You are missing a small case in your code, where you replace `flag[m][n] = false;` before returning ret (I don’t see the line numbers, but it’s around the end). But in this case, you should actually check first if ret is True or not. If ret is True, you can return it immediately without replacing flag[m][n] as False (This means that you avoid doing subsequent DFS calls, since you’ve already found a match.). It’s a tricky condition to miss!
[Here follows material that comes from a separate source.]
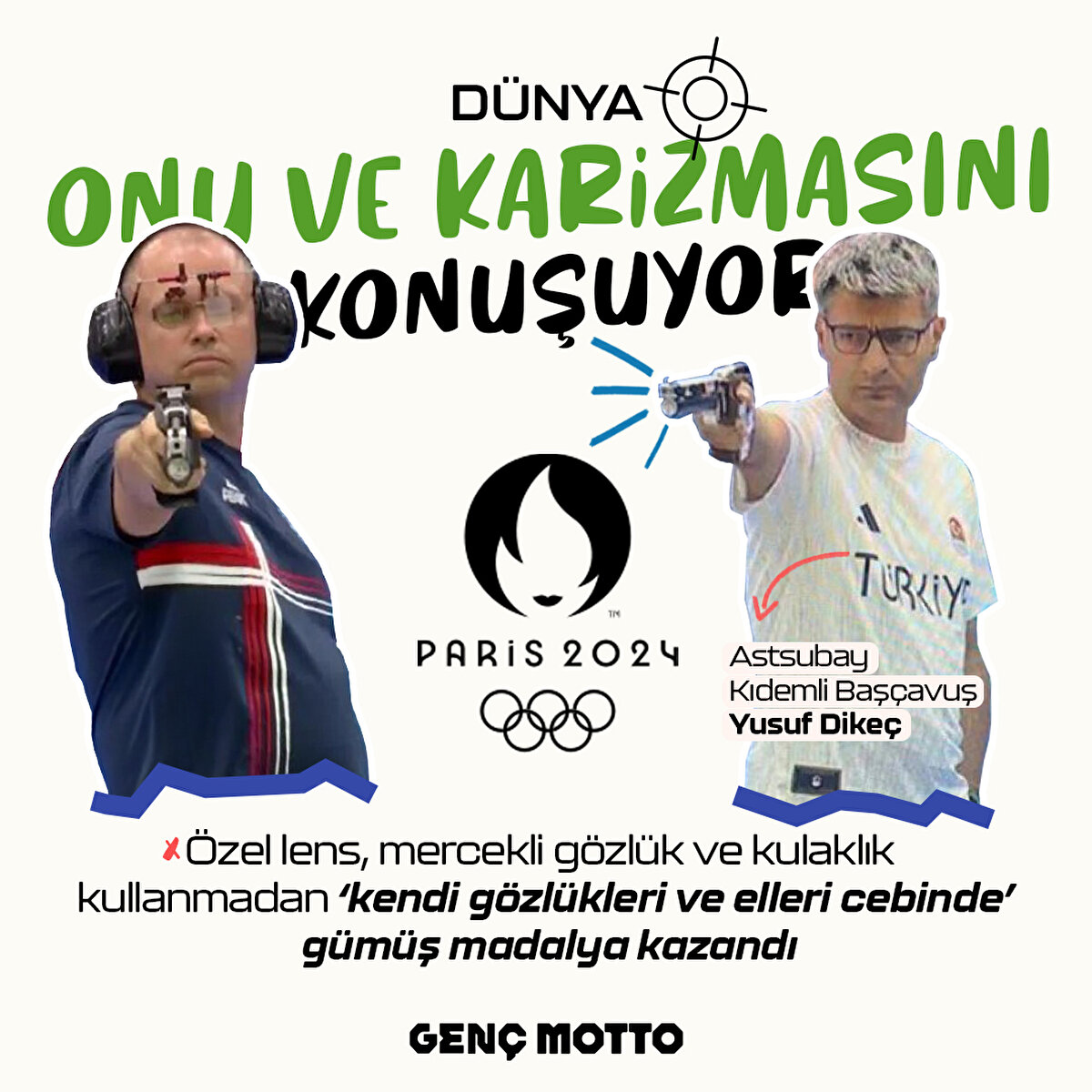 Astsubay Kıdemli Başçavuş Yusuf Dikeç, Olimpiyatlarda havalı atış kategorisinde hiçbir ekipman kullanmadan 'elleri cebinde' atış yaparak, olimpiyat tarihinde atıcılıkta ilk kez gümüş madalya kazanan sporcumuz oldu ve dünyanın gündemine oturdu.

I modified a couple of lines of code in your solution at the end, and the solution passes in 5ms, faster than ~50% of Java solution!

``````class Solution {
public boolean exist(char[][] board, String word) {
if (board == null || word == null || board.length == 0 || board[0].length == 0) {
return false;
}
boolean[][] flag = new boolean[board.length][board[0].length];
boolean result = false;
for (int i = 0; i < board.length; i++) {
for (int j = 0; j < board[0].length; j++) {
if (word.charAt(0) != board[i][j]) {
continue;
}
flag[i][j] = true;
result = result || helper(board, word, 1, i-1, j, flag);
result = result || helper(board, word, 1, i+1, j, flag);
result = result || helper(board, word, 1, i, j-1, flag);
result = result || helper(board, word, 1, i, j+1, flag);
flag[i][j] = false;
}
}
return result;
}

public boolean helper(char[][] board, String word, int pos, int m, int n, boolean[][] flag) {
if (pos == word.length()) {
return true;
}
if (m < 0 || n < 0 || m >= board.length || n >= board[0].length) {
return false;
}
if (flag[m][n] || board[m][n] != word.charAt(pos)) {
return false;
}
boolean ret = false;
flag[m][n] = true;
ret = ret || helper(board, word, pos + 1, m - 1, n, flag);
ret = ret || helper(board, word, pos + 1, m + 1, n, flag);
ret = ret || helper(board, word, pos + 1, m, n - 1, flag);
ret = ret || helper(board, word, pos + 1, m, n + 1, flag);

// OBSERVE Change here
if (ret==true){
return ret;
}
flag[m][n] = false;
return ret;
}
}
``````

The code above isn’t actually mine.

This is the code I have:

``````class Solution {
public boolean dfs(char[][] board, HashSet<ArrayList<Integer>> visited, String word, int rowIndex, int columnIndex, int wordCharIndex) {
if (rowIndex < 0 || rowIndex >= board.length || columnIndex < 0 || columnIndex >= board[0].length)
return false;

System.out.println(word.charAt(wordCharIndex) + " " + wordCharIndex + " " + rowIndex + " " + columnIndex);

ArrayList<Integer> newVisitedLocation = new ArrayList<Integer>();

if (visited.contains(newVisitedLocation)) return false;

if (board[rowIndex][columnIndex] == word.charAt(wordCharIndex)) {
System.out.println("Character match! " + board[rowIndex][columnIndex]);
if (wordCharIndex == word.length() - 1) return true;

return dfs(board, ((HashSet<ArrayList<Integer>>)visited.clone()), word, rowIndex - 1, columnIndex, wordCharIndex + 1) ||
dfs(board, ((HashSet<ArrayList<Integer>>)visited.clone()), word, rowIndex + 1, columnIndex, wordCharIndex + 1) ||
dfs(board, ((HashSet<ArrayList<Integer>>)visited.clone()), word, rowIndex, columnIndex - 1, wordCharIndex + 1) ||
dfs(board, ((HashSet<ArrayList<Integer>>)visited.clone()), word, rowIndex, columnIndex + 1, wordCharIndex + 1);
} else
return false;
}

public boolean exist(char[][] board, String word) {

HashSet<ArrayList<Integer>> resultingVisitedLocations = new HashSet<ArrayList<Integer>>();
for (int rowIndex = 0; rowIndex < board.length; rowIndex++)
for (int colIndex = 0; colIndex < board[rowIndex].length; colIndex++) {
if (board[rowIndex][colIndex] == word.charAt(0) &&
dfs(board, resultingVisitedLocations, word, rowIndex, colIndex, 0)) return true;
System.out.println(resultingVisitedLocations);
resultingVisitedLocations.clear();
}

return false;
}
}
``````

I get a TLE because I’m performing deep copies of my hashset of coordinates, where the latency increases as I store more coordinates in them.

I took a look at the solution above again through a post I made on two different Slack workspaces, and they say that this is something along the lines of backtracking where if all cases fail, then reject this position.